Hypernatremia results in hypertonic intravascular contents, which causes fluid shifts from the cells to the intra-vascular space. Thus, the neonate may appear less hemodynamically compromised, resulting in underestimation of the degree of dehydration by as much as 5%. This also increases the chances an affected infant will present late for medical care.

It’s hard to over-emphasize the importance of this point.

As with many serious neonatal conditions, newborns can look fine right up until the moment they collapse; they have compensatory mechanisms that work until they fail abruptly and completely. In the case of dehydration, infants compensate for the low blood volume caused by dehydration by pulling water out of cells into the bloodstream. As a result, they can keep perfusing their kidneys — and keep urinating — even as they may be dying.

Many lactation professionals and lactivists owe both Jillian Johnson and Christie del Castillo-Hegyi deep and profound apologies for publicly doubting that their babies were dehydrated and for blaming medical staff for failing to recognize the “signs” of dehydration. If you wait to diagnose dehydration until a baby is no longer urinating frequently, you could easily wait past the point of brain damage to the point of death.

5. The most reliable sign of dehydration is weight loss.

Mild hypernatremia should not be considered a benign occurrence, and breast-fed infants with greater than 7% weight loss or significant jaundice should be evaluated for hypernatremic dehydration and the possible need for oral or parenteral fluid supplementation.

This is precisely what the Fed Is Best Foundation has been saying for years. As a result they’ve been vilified by the lactation professionals who are still lying to themselves and each other about the depth and breadth of the problem.

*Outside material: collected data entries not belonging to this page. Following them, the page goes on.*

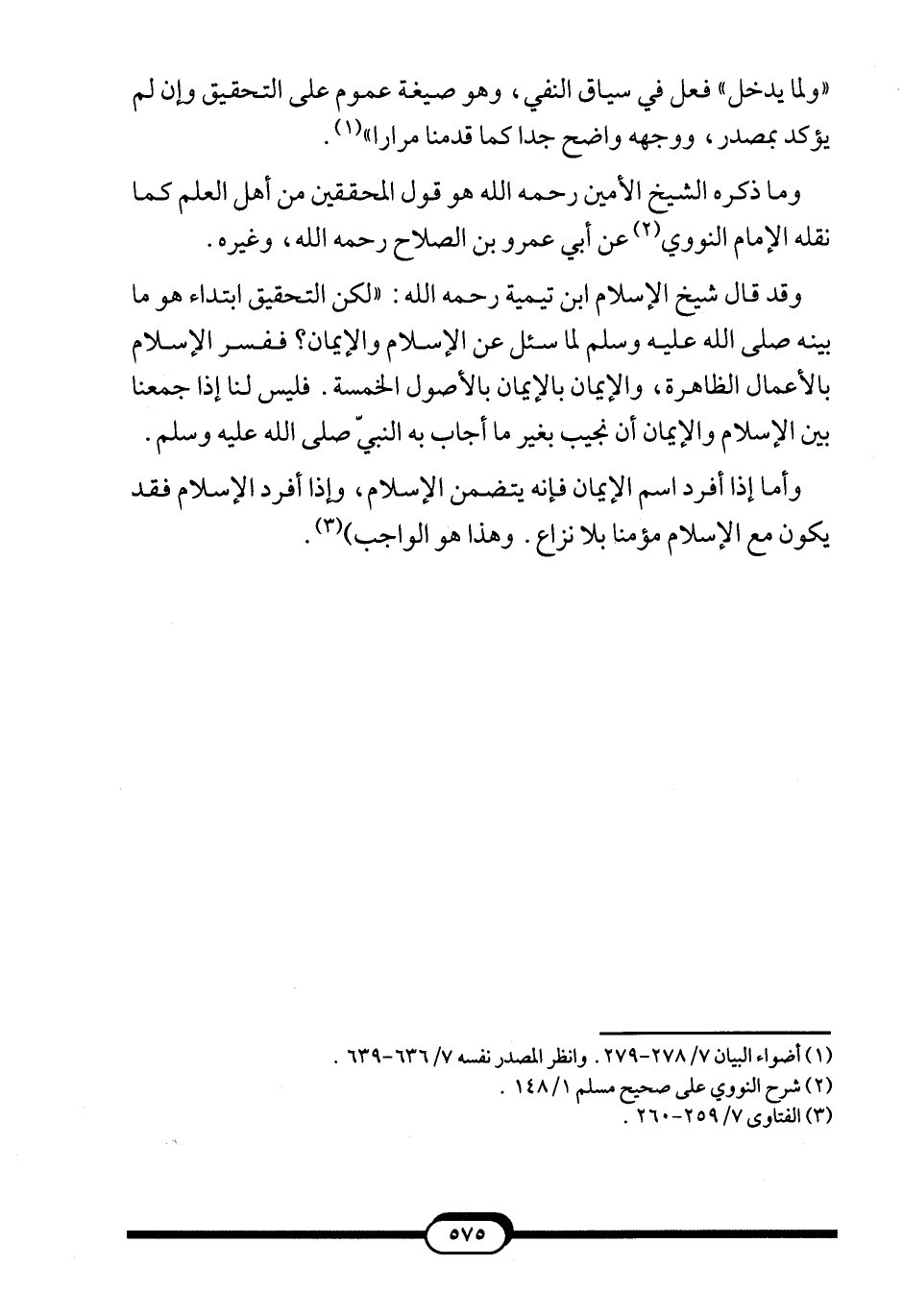 "ظاهره المغايرة بين الإيمان والإسلام. وقد دلّ بعض الآيات على اتحادهما؛ كقوله تعالى: {فأَخْرَجْنَا مَنْ كَانَ فِيهَا مِنَ الْمُؤْمِنِينَ فَمَا وَجَدْنَا فِيهَا غَيْرَ بَيْتٍ مِنَ الْمُسْلِمِينَ} 3. ولا منافاة في ذلك؛ فإنّ الإيمان يطلق تارة على جميع ما يطلق عليه الإسلام من الاعتقاد والعمل؛ كما ثبت في
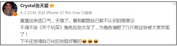 除了这起瓜外,还有爆料称张天爱在忙着备孕。在《浪姐》初见面直播镜头中,张天爱浮肿的样貌遭到了不少质疑,样貌变化大到圈内人都差点没有认出来,张天爱现场解释可能是妆容太素了,以前见面都是明艳的浓妆。事后,她还特意发文回应是为戏增肥,调侃看《浪姐》截图自己都认不出来。从她晒出的角色图来看,脸颊肉跟《浪姐》画面中的不是同一款胖。
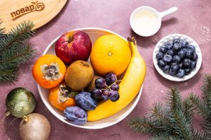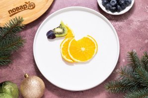 Подготовьте все ингредиенты. Все фрукты и ягоды помойте, обсушите. Киви очистите от кожуры. Заранее подберите себе шаблон силуэта лошади, по которой будете делать фруктовую нарезку.
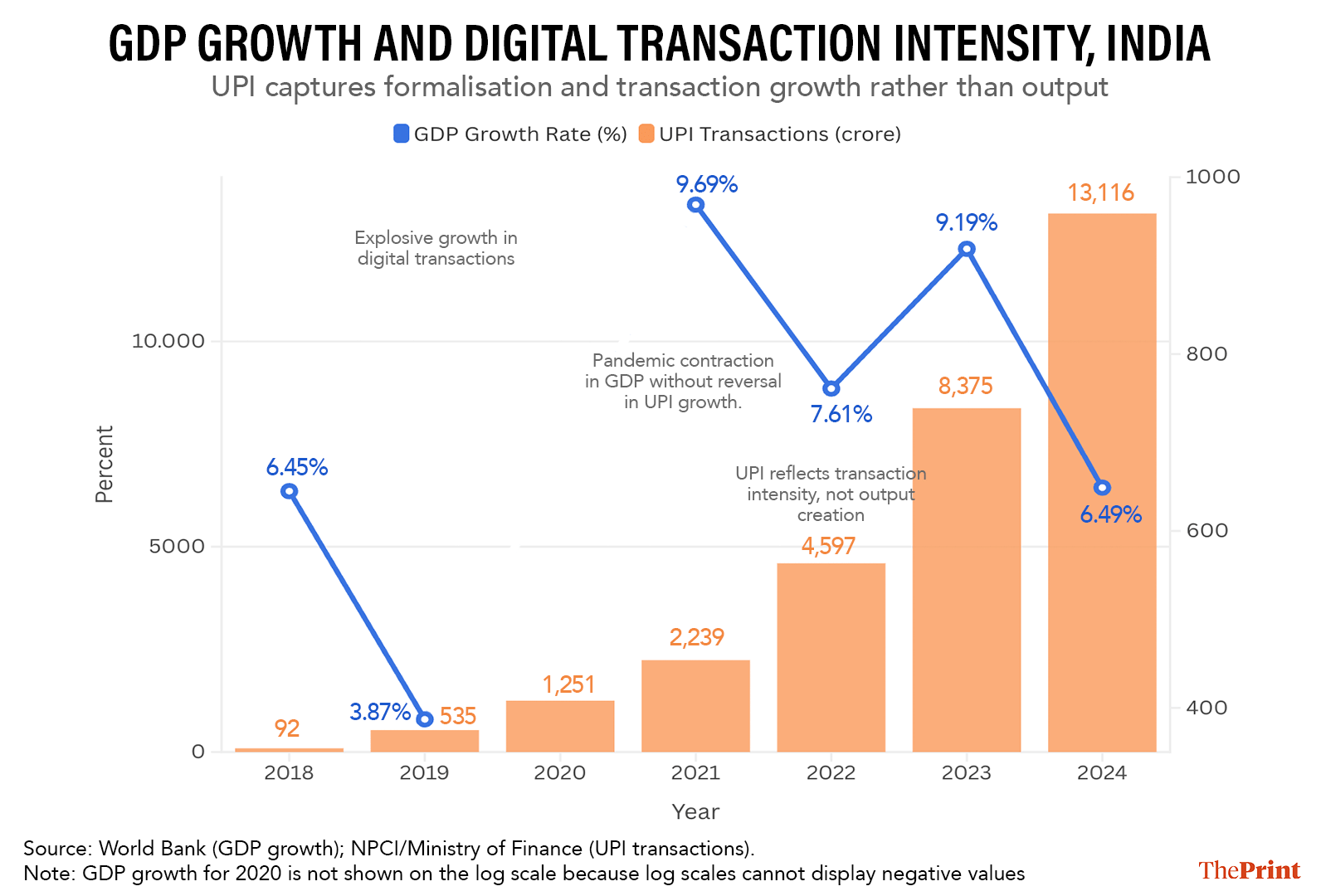 Since 2018, UPI transactions have experienced exponential growth, even as GDP growth has remained within a relatively narrow range and briefly contracted during the pandemic. This divergence neither validates nor invalidates GDP growth; rather, it underscores how an increasing portion of economic activity now manifests in forms—formalised, digital, and services-led—that do not leave strong physical nor tradeable footprints, highlighting the necessity for a broader validation framework.

Though this paper doesn’t mention it, lactation professionals have compounded the problem and raised the risk by banning formula supplementation. Multiple scientific papers have shown that judicious formula supplementation is not merely compatible to subsequent exclusive breastfeeding, it actually improves the rate of subsequent exclusive breastfeeding. Moreover, it dramatically decreases the risk of newborn hospital readmission. Infants allowed unrestricted access to formula had a 76% lower incidence of hospitalization.

This new paper on neonatal dehydration illustrates three critical points.

First, the lactation profession as based on ideology, not science. It was ideology that led lactation professionals to claim that breastfeeding, uniquely among all bodily processes, was perfect. Science always showed the opposite.

Second, while the benefits of breastfeeding term babies range from theoretically possible to completely non-existent (no one has yet been able to show a single term baby whose life has been saved by breastfeeding), the risks are very real with literally tens of thousands of babies suffering so much that they must be readmitted to the hospital for treatment.

Third, the public discussion of breastfeeding has been controlled by lactivists to the detriment of babies and mothers. Type “breastfeeding” into Google each and every day as I do to see the latest articles and you will find a myriad of pieces bemoaning the “horror” of some woman somewhere being shamed for public breastfeeding. Yet there is rarely if ever any article in the mainstream media about the dangers of insufficient breastmilk, a problems that is affecting more than 1% of exclusively breastfeeding newborns DAILY.

There is one very obvious thing to do if we wish to help these babies and mothers, prevent tens of thousands of hospitalization a year and dramatically reduce the risk of permanent brain damage or death: allow new mothers unrestricted access to infant formula. If we care about babies, we will do it. If we only care about breastfeeding, we will continue to let babies suffer.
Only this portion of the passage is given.